With that said though, as long as both your client_server and server_client thread functions exit when they are supposed to, you can just keep a mutex object and reference count in SocketPair struct to know when you can delete the pointers. For example, have a look at the mutex example. You just acquire the mutex at the start of the thread, increment a counter, then release the mutex. At the end of the thread function, you acquire the mutex, decrement the counter, check to see if it's 0, if so delete the memory, then release the mutex. Don't forget to correctly instantiate the members though.

2. From MSDN:
An application should always have a matching call to closesocket for each successful call to socket to return any socket resources to the system.[/quote]

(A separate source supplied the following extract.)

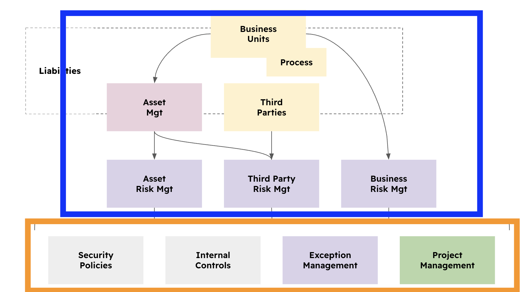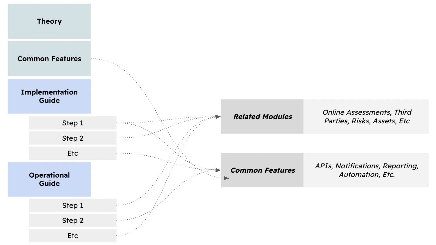 Related Modules: These are supporting modules that provide the "solutions" to your risks. To fully implement Risk Management, you will interact with Policies, Internal Controls, Exceptions, and Projects.

So you do need a matching call to closesocket, but where you do that just depends on your application. Since you have two threads each handling the same socket, you'd only want one of them to call it. Also, you want to make sure you handle as graceful shutdown as possible and call shutdown if you are going to be disconnecting the socket yourself.

Also, I noticed another problem in the earlier code you posted. You cannot have a global SocketPair object like you do right now. Since you are using threads, you need to allocate memory for the object before passing it to the threads. The threads would then deallocate the memory as well. This could contribute to some other issues you might be seeing if you were to connect more than one connection through your proxy. So get rid of the global object and allocate one for each pair in your dispatchConnection function.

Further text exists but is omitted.